A 400 grados, la funda de un calentador de cartucho va más allá de ser simplemente una carcasa protectora. Es la principal vía de entrada y salida del calor, la primera línea de defensa contra las amenazas ambientales y una parte muy importante de la estructura. La elección del material de la funda es una elección técnica básica que afecta directamente el funcionamiento del calentador, su duración y su fiabilidad. Elegir la funda incorrecta casi seguramente provocará fallas, mientras que elegir la correcta hará que su solución de calefacción sea fuerte y duradera-.

Acero inoxidable 304: las limitaciones de las aleaciones-de uso general
El acero inoxidable austenítico 304 (AISI 304, 1.4301) es el material más utilizado y menos costoso para calentar en las fábricas. Tiene un buen equilibrio entre ser fácil de moldear, resistente a la corrosión y económico para muchos usos. Pero cuando la temperatura se mantiene a 400 grados o más durante mucho tiempo, sus límites se vuelven claros. El problema más importante es la sensibilización. Cuando la temperatura está entre 425 y 850 grados, el carbono del acero se mueve hacia los límites de los granos e interactúa con el cromo para producir carburos de cromo. Esto elimina el cromo de la matriz circundante, que es el ingrediente que le da al acero inoxidable su calidad "inoxidable" al formar una capa de óxido pasiva. Como resultado, es más probable que esta área se corroa entre los granos y se vuelva más quebradiza, especialmente en condiciones ácidas o ricas en cloruro. 304, es posible que no tenga la estabilidad a largo plazo-necesaria para aplicaciones que deben funcionar todo el tiempo o pasar por ciclos térmicos a 400 grados.
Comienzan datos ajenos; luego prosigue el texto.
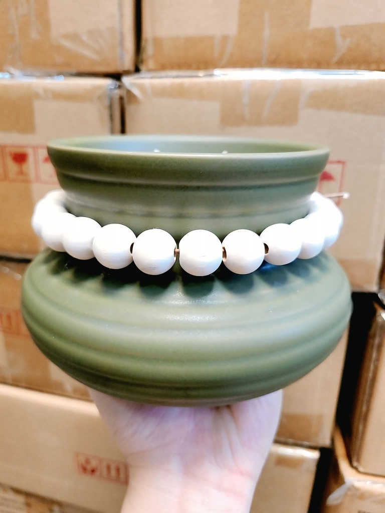 nến thơm CW Studio Magnolia Juniper. Nến được đựng trong cốc gốm màu xanh lá và trang trí bằng chuỗi hạt gỗ dọc theo vành cốc.

El acero inoxidable 321 es el estándar para el servicio-de alta temperatura-a largo plazo.
El acero inoxidable 321 (1.4541) suele ser la mejora mínima recomendada para un uso confiable y a largo plazo-a 400 grados, especialmente con ciclos térmicos. El principal beneficio es que se estabiliza con titanio. El titanio se une mejor al carbono que al cromo, lo que produce carburos de titanio estables. Básicamente, esto "bloquea" el carbono, lo que evita que el cromo se agote en los límites de los granos y hace que la sensibilización sea menos probable. Esto evita que la aleación se corroa y la hace más flexible a altas temperaturas. Un calentador de cartucho con una funda de 321 es naturalmente más resistente a la fragilidad y la corrosión que podrían afectar al 304 en las mismas condiciones. Esto significa que durará más y funcionará de manera más confiable en entornos industriales difíciles.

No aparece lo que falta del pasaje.